What is needed |
Go through the data and copy every line exactly, but not the images.

[[ Available data, beginning ]]

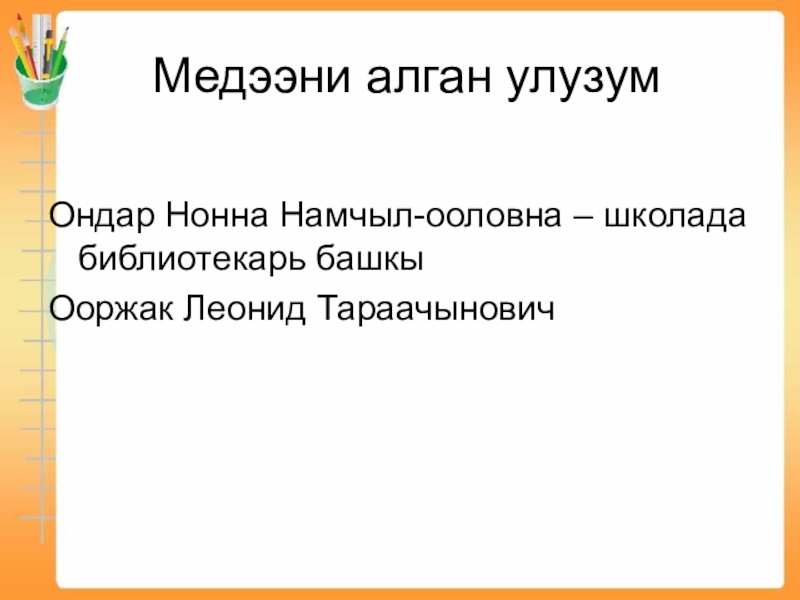 Эртем удуртукчузу Ооржак Г.С.
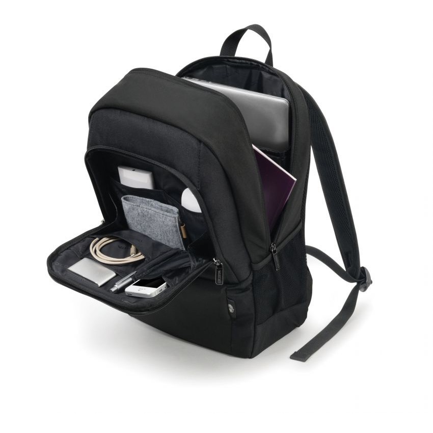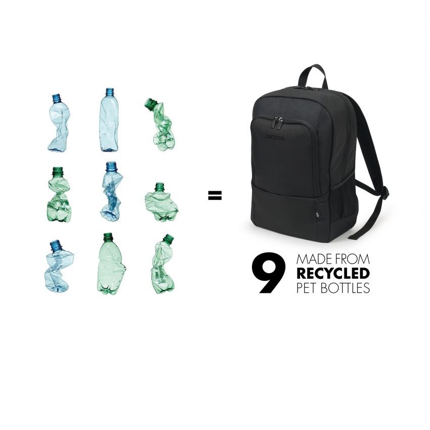 Der handliche Rucksack schützt Ihr Laptop mit den Grössen 13-14.1" optimal dank dem mit High-Density Foam (HDF) gepolstertem Notebookfach. Als Leichtgewicht unter den Notebook-Rucksäcken garantiert er flexible Mobilität. Das geräumige Hauptfach ist so unterteilt, dass Dokumente und Zubehör getrennt verstaut werden können. Die Vordertasche mit praktischen Einsteckfächern schafft Ordnung in Ihrem mobilen Zubehör wie Smartphone, Stifte oder Ladegeräte. In den seitlichen, leicht zugänglichen Netztaschen finden Regenschirm und Trinkflasche ihren Platz. Alle wichtigen Dinge sind so jederzeit griffbereit. Der Rucksack liegt dank der ergonomischen Polsterung bequem am Rücken. Zur weiteren Optimierung des Komforts können ausserdem die Schultergurten nach Belieben verstellt werden. Damit ist der Eco Backpack BASE der perfekte Rucksack für alle, die viel unterwegs sind und mit einer umweltfreundlichen Tragelösung die sinnvolle Wiederverwendung von PET Flaschen unterstützen möchten.Laptop Backpack Eco BASE 13-14.1"
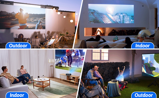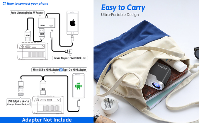 • Mini Portable Projector: This Portable projector is designed in small size ( 5.63"*3.78"*2.28"/0.75 lb ). It is small enough to fit in your bag. Therefore, it is rather light and handy to carry when you go out(Support Power Bank Supply). Ideal for home theater projector video in the backyard, hosting parties, and movie nights while traveling.

[[ Available data, end ]]

The completed task |
 Эртем удуртукчузу Ооржак Г.С.
 Der handliche Rucksack schützt Ihr Laptop mit den Grössen 13-14.1" optimal dank dem mit High-Density Foam (HDF) gepolstertem Notebookfach. Als Leichtgewicht unter den Notebook-Rucksäcken garantiert er flexible Mobilität. Das geräumige Hauptfach ist so unterteilt, dass Dokumente und Zubehör getrennt verstaut werden können. Die Vordertasche mit praktischen Einsteckfächern schafft Ordnung in Ihrem mobilen Zubehör wie Smartphone, Stifte oder Ladegeräte. In den seitlichen, leicht zugänglichen Netztaschen finden Regenschirm und Trinkflasche ihren Platz. Alle wichtigen Dinge sind so jederzeit griffbereit. Der Rucksack liegt dank der ergonomischen Polsterung bequem am Rücken. Zur weiteren Optimierung des Komforts können ausserdem die Schultergurten nach Belieben verstellt werden. Damit ist der Eco Backpack BASE der perfekte Rucksack für alle, die viel unterwegs sind und mit einer umweltfreundlichen Tragelösung die sinnvolle Wiederverwendung von PET Flaschen unterstützen möchten.Laptop Backpack Eco BASE 13-14.1"
 • Mini Portable Projector: This Portable projector is designed in small size ( 5.63"*3.78"*2.28"/0.75 lb ). It is small enough to fit in your bag. Therefore, it is rather light and handy to carry when you go out(Support Power Bank Supply). Ideal for home theater projector video in the backyard, hosting parties, and movie nights while traveling.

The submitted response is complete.